Die FDP-Politikerin Katja Suding sieht einen Grund für das Versagen in einem massiven Personalmangel bei Jugendämtern: "Dass derzeit schätzungsweise 16.000 Stellen in den Jugendämtern fehlen, ist nicht hinnehmbar. Die Opfer von Missbrauch kämpfen ein Leben lang mit physischen und psychischen Verletzungen." Eindringlich verlangt Suding: "Hilfsstrukturen, die den Opfern nach der Tat zur Seite stehen: verlässlich, unbürokratisch, fachlich kompetent."
Martina Huxoll-von Ahn vom DKSB kann sich vielen Forderungen aus der Politik nur anschließen. Jede Forderung möchte sie aber nicht unterstützen. Dass zu strenger Datenschutz hinderlich bei der Aufarbeitung von Verbrechen sei, wie der Präsident des Bundeskriminalamtes (BKA), Holger Münch, erklärte, weißt von Ahn zurück. Die Polizei sei schon heute in der Lage, "im Falle von Kinderpornografie anlassunabhängig" zu ermitteln.

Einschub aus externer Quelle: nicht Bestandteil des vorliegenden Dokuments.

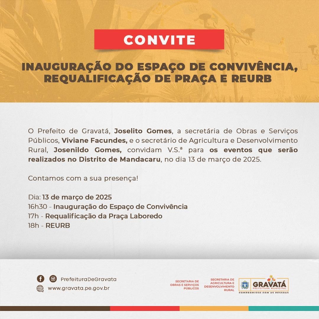 PREFEITURA DE GRAVATÁ INAUGURA O ESPAÇO DE CONVIVÊNCIA, REQUALIFICAÇÃO DE PRAÇA E REURB NO DISTRITO DE MANDACARU

Ihr sei kein Fall von Ermittlungen bekannt, "bei dem sich der Datenschutz als Hürde oder Problem erwiesen hätte."
Aufarbeitung hat begonnen
Auch wenn gerade der DKSB für die Rechte von Kindern eintritt: Eine absolute Sicherheit für alle Kinder, sagt von Ahn, könne schlicht nicht gewährleistet werden: "In so einem Fall, wo beide Elternteile beteiligt sind, fällt es schwer, mit einem Patentrezept aufzuwarten. Wir leben in einem freiheitlichen Staat. Eine Totalüberwachung von Familien ist schlicht nicht möglich." Das Ganze funktioniere nicht nach dem Motto, "an der oder der Stellschraube muss man drehen, die oder die Maßnahme hätte man ergreifen müssen, und dann ist das Problem gelöst".
Dennoch erscheint der Fall in Staufen so monströs, erklingen die vielfältigen Forderungen nach Aufarbeitung der Fehler bei Behörden zu laut, als dass sie ungehört verhallen könnten. Erste Schritte sind schon eingeleitet: Das betroffene Familiengericht und das Jugendamt sind dabei, die Versäumnisse intern aufzuarbeiten. Gegen einen Sachbearbeiter des Jugendamts ermittelt die Staatsanwaltschaft, und das Oberlandesgericht Karlsruhe hat mitgeteilt, dass eine Arbeitsgruppe im September Vorschläge vorstellen will, wie Behörden und Justiz künftig besser zusammenarbeiten sollen.